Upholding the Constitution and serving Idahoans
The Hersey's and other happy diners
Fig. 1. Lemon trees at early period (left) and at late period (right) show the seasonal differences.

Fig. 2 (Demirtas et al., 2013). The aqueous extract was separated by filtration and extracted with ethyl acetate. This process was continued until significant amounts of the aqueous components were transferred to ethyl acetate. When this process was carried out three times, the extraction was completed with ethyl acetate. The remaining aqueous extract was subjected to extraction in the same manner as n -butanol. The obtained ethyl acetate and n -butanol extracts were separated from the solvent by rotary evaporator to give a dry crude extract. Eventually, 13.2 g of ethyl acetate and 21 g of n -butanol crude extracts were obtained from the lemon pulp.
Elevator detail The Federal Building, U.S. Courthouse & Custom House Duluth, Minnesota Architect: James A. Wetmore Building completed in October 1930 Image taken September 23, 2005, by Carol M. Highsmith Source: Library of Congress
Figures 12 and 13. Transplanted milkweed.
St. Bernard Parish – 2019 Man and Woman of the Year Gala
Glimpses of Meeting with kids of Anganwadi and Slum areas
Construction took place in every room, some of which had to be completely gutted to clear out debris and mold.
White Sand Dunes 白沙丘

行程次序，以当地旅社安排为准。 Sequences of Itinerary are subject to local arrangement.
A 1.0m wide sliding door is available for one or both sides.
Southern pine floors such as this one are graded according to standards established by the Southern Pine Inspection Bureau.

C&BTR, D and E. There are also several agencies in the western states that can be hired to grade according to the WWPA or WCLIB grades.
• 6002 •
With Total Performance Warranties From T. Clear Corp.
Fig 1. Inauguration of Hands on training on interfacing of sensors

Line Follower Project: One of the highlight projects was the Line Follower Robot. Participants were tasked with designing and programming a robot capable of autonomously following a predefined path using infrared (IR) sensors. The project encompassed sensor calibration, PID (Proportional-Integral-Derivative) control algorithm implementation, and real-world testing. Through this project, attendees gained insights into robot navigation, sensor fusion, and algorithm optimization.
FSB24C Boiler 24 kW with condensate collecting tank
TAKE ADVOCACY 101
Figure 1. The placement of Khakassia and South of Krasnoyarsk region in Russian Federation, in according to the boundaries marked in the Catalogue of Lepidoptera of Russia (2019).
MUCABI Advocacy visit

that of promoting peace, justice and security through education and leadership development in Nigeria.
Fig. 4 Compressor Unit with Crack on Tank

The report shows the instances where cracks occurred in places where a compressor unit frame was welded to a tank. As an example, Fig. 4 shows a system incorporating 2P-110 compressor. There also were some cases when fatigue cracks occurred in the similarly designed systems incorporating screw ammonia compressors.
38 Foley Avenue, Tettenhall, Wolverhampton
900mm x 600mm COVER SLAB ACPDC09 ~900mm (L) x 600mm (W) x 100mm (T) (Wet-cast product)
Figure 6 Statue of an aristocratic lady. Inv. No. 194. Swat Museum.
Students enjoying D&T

### [What you are asked to do]
The expected answer is an exact copy of the lines beginning at the one with "38 Foley Avenue, Tettenhall, Wolverhampton" and running to the end of the entries above.

### [Solution to this exercise]
38 Foley Avenue, Tettenhall, Wolverhampton
900mm x 600mm COVER SLAB ACPDC09 ~900mm (L) x 600mm (W) x 100mm (T) (Wet-cast product)
Figure 6 Statue of an aristocratic lady. Inv. No. 194. Swat Museum.
Students enjoying D&T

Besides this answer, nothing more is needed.